Art which reflects the Jewish experience.”

the Seminar in Jewish Art held in 1984 defined Jewish art as “art that reflects the Jewish experience.” Although sounding simplistic, the definition avoids the identification of art with nationalism, and it avoids identifying Jewish art with a particular style or styles. Rather it is a very open definition that allows inclusion of both European art and art that was created in the Muslim world, as well as the hybrid forms created in the Bezalel School in Jerusalem during the first decades of the twentieth century that fuse art nouveau with Ottoman forms and techniques. The definition clearly states that Jewish art is the result of the various historical experiences of the Jewish people, such as migrations and expulsions. As Brendel said of Roman art, Jewish art is in a state of continuous evolution. It is not a unified corpus, but a diversified body, encompassing contrasting aims according to time and historical circumstances.
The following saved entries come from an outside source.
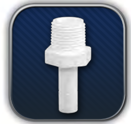
Male Stem Adapter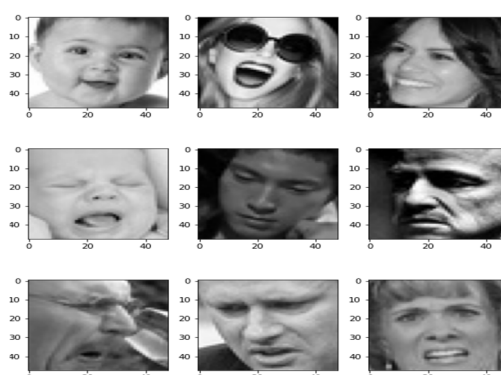
Figure II Example of images from ICML 2013 facial expression dataset

In this paper, I have used the ICML 2013 Facial Expression Recognition Challenge dataset. This dataset consists of 48x48 pixel gray-scale images of faces. In our dataset, 80% of the dataset was selected for training purpose and the remaining 20% was chosen for testing. Our training set contains 28,708 images and our test set contains 7178 images of 7 facial expressions (happy, sad, surprised, angry, disgust, afraid, and neutral). This dataset was prepared by Pierre-Luc Carrier and Aaron Courville, as part of their ongoing research project.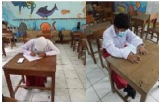
Figure 5. Implementation of Limited Test by 5 Students

Trial activities limited this done for know power pull student to products that have been generated. Trial limited done student by offline 5th on Wednesday, December 29, 2021, in class V SD Rejodadi Bantul, Yogyakarta (Figure 5).

Jewish Art and Visual Culture: A Century of Academic Achievement VIVIAN B. MANN

 Jewish art is a series of facts. For thousands of years we were a barren people. We shared the fate of our land. A fine, horrible desert sand blew and blew over us until our sources were buried and our soil was covered with a heavy layer that killed all young buds. The excess in soul power that we possessed at all times expressed itself in the exile merely in an indescribably one-sided spiritual activity that blinded the eyes to all the beauty of nature and of life. We were robbed of that from which every people takes again and again joyous, fresh energy — the ability to behold a beautiful landscape and beautiful people. The blossoming and growth beyond the ghetto was unknown to and hated by our forebears as much as the beautiful human body. All things, from whose magic the literature spins its golden veil, all things, whose forms are forged through art’s blessed hands, were something foreign that we encountered with an ineradicable mistrust. … The very thing in which the true essence of a nation expresses itself to the fullest and purest, the sacred word of the national soul, the artistic productivity, was lost to us. Wherever the yearning for beauty raised itself with tender shy limbs, there it was suppressed with an invisible, merciless hand. … A whole and complete Jewish art will be possible only on Jewish soil, just like a whole and complete Jewish culture as such.

Martin Buber

Art as a vital part of our being “Remember that there is meaning beyond absurdity. Know that every deed counts, that every word is power…Above all, remember that you must build your life as if it were a work of art.” ―

Abraham Heschel

“I wonder,” said Agam, “why all the museums preserve the past. With our means of communication [we could] become enthusiastic about a place where projects concerning the future, the chrystalization of our future, would be shown and explained…’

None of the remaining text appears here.